(Stored items from a collection)
*** Block opens ***

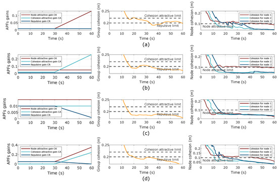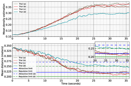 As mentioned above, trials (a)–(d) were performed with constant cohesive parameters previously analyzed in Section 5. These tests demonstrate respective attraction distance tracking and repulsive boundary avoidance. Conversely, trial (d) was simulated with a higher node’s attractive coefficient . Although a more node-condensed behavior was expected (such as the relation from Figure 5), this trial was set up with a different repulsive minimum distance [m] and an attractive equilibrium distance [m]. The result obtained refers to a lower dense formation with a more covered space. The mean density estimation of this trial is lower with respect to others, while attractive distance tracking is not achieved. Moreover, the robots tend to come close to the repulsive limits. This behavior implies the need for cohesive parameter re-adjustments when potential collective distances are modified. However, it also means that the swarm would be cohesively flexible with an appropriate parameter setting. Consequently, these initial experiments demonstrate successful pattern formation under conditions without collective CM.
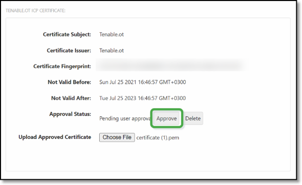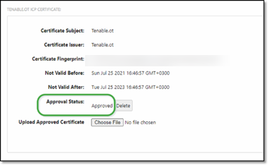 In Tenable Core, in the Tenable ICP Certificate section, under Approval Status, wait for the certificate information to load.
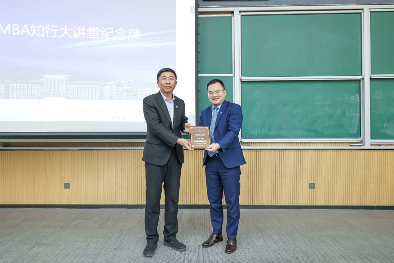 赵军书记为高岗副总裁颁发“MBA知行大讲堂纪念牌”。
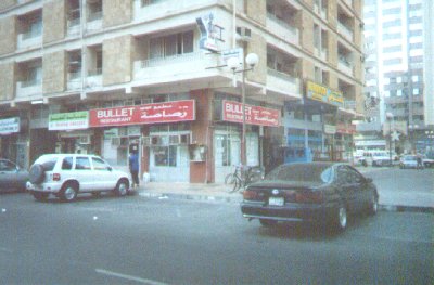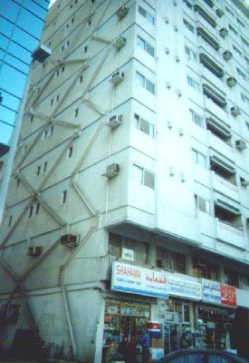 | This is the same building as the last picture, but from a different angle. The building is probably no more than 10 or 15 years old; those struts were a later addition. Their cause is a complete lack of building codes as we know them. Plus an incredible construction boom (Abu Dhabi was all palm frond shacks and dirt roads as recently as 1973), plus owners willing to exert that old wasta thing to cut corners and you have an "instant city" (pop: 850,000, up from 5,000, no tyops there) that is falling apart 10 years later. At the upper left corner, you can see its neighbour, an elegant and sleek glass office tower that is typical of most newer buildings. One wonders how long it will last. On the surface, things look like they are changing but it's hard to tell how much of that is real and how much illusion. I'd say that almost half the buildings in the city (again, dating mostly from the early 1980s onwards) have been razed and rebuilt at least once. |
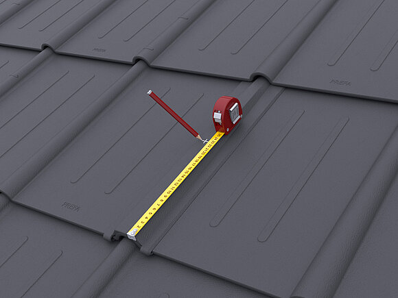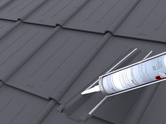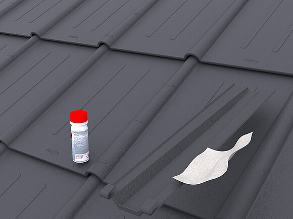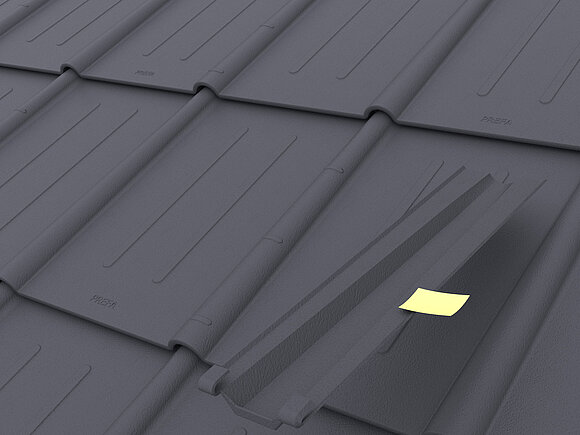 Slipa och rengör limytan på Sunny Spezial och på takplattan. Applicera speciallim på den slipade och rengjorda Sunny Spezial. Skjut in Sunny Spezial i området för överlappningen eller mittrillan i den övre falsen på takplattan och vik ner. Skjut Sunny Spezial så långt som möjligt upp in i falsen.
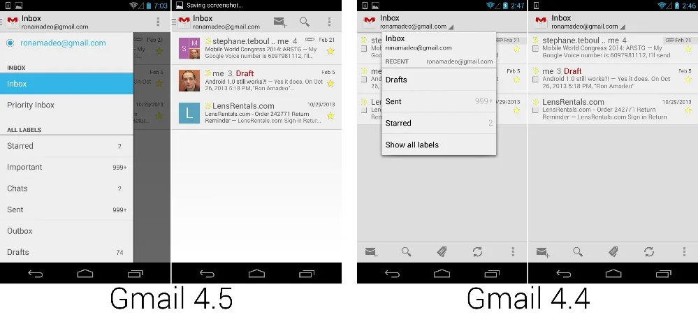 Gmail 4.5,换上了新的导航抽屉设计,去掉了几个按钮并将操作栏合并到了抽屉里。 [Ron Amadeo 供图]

*** Block closes ***

Your objective
All entries must be written out again exactly as given, with no pictures in the copy.

Output below
 As mentioned above, trials (a)–(d) were performed with constant cohesive parameters previously analyzed in Section 5. These tests demonstrate respective attraction distance tracking and repulsive boundary avoidance. Conversely, trial (d) was simulated with a higher node’s attractive coefficient . Although a more node-condensed behavior was expected (such as the relation from Figure 5), this trial was set up with a different repulsive minimum distance [m] and an attractive equilibrium distance [m]. The result obtained refers to a lower dense formation with a more covered space. The mean density estimation of this trial is lower with respect to others, while attractive distance tracking is not achieved. Moreover, the robots tend to come close to the repulsive limits. This behavior implies the need for cohesive parameter re-adjustments when potential collective distances are modified. However, it also means that the swarm would be cohesively flexible with an appropriate parameter setting. Consequently, these initial experiments demonstrate successful pattern formation under conditions without collective CM.
 In Tenable Core, in the Tenable ICP Certificate section, under Approval Status, wait for the certificate information to load.
 赵军书记为高岗副总裁颁发“MBA知行大讲堂纪念牌”。
 | This is the same building as the last picture, but from a different angle. The building is probably no more than 10 or 15 years old; those struts were a later addition. Their cause is a complete lack of building codes as we know them. Plus an incredible construction boom (Abu Dhabi was all palm frond shacks and dirt roads as recently as 1973), plus owners willing to exert that old wasta thing to cut corners and you have an "instant city" (pop: 850,000, up from 5,000, no tyops there) that is falling apart 10 years later. At the upper left corner, you can see its neighbour, an elegant and sleek glass office tower that is typical of most newer buildings. One wonders how long it will last. On the surface, things look like they are changing but it's hard to tell how much of that is real and how much illusion. I'd say that almost half the buildings in the city (again, dating mostly from the early 1980s onwards) have been razed and rebuilt at least once. |
 Slipa och rengör limytan på Sunny Spezial och på takplattan. Applicera speciallim på den slipade och rengjorda Sunny Spezial. Skjut in Sunny Spezial i området för överlappningen eller mittrillan i den övre falsen på takplattan och vik ner. Skjut Sunny Spezial så långt som möjligt upp in i falsen.
 Gmail 4.5,换上了新的导航抽屉设计,去掉了几个按钮并将操作栏合并到了抽屉里。 [Ron Amadeo 供图]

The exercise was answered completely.